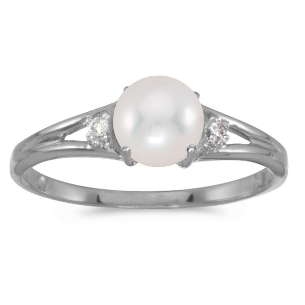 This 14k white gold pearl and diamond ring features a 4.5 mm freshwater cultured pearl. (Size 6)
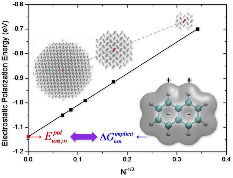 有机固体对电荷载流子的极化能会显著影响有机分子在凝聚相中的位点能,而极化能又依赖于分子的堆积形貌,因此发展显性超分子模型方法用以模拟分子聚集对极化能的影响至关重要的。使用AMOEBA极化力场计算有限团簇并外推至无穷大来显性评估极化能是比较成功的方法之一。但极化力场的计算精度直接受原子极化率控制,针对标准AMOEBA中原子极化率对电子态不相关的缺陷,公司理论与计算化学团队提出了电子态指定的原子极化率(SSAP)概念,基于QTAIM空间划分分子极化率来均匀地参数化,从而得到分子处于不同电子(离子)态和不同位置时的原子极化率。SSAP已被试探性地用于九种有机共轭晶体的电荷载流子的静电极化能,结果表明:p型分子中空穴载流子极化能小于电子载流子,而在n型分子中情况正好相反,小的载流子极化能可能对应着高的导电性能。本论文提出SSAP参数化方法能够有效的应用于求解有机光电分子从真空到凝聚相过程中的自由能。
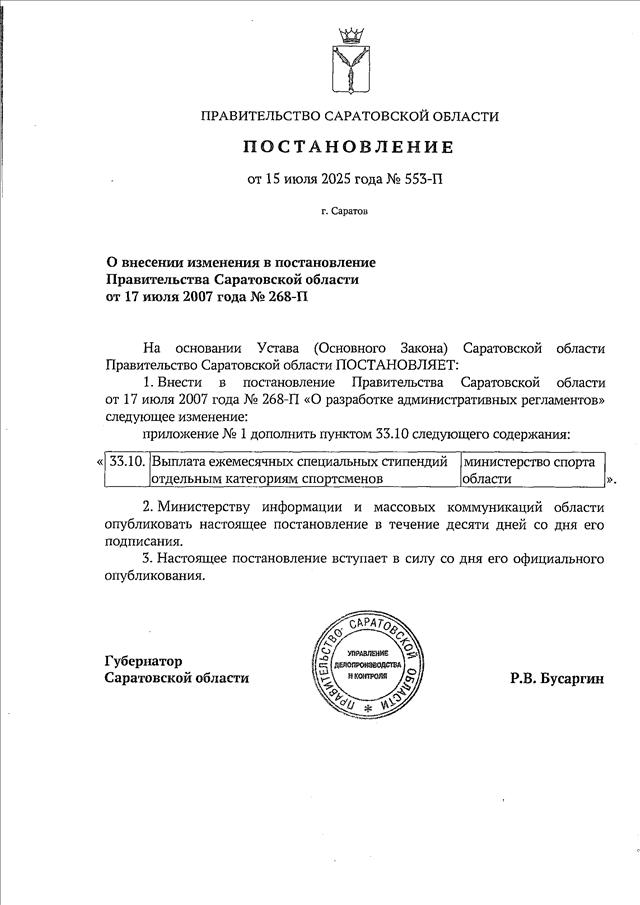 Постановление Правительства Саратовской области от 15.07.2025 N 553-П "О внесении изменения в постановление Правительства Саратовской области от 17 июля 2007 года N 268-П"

---

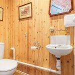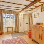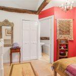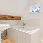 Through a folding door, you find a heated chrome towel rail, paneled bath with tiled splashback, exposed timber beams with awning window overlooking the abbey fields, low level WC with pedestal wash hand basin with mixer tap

Task to complete – Would you output only the span of the records above that opens with the line containing "有机固体对电荷载流子的极化能" and closes with the line containing "Постановление Правительства Саратовской области от 15.07.2025", ends included and pictures dropped?

Exercise output –
 有机固体对电荷载流子的极化能会显著影响有机分子在凝聚相中的位点能,而极化能又依赖于分子的堆积形貌,因此发展显性超分子模型方法用以模拟分子聚集对极化能的影响至关重要的。使用AMOEBA极化力场计算有限团簇并外推至无穷大来显性评估极化能是比较成功的方法之一。但极化力场的计算精度直接受原子极化率控制,针对标准AMOEBA中原子极化率对电子态不相关的缺陷,公司理论与计算化学团队提出了电子态指定的原子极化率(SSAP)概念,基于QTAIM空间划分分子极化率来均匀地参数化,从而得到分子处于不同电子(离子)态和不同位置时的原子极化率。SSAP已被试探性地用于九种有机共轭晶体的电荷载流子的静电极化能,结果表明:p型分子中空穴载流子极化能小于电子载流子,而在n型分子中情况正好相反,小的载流子极化能可能对应着高的导电性能。本论文提出SSAP参数化方法能够有效的应用于求解有机光电分子从真空到凝聚相过程中的自由能。
 Постановление Правительства Саратовской области от 15.07.2025 N 553-П "О внесении изменения в постановление Правительства Саратовской области от 17 июля 2007 года N 268-П"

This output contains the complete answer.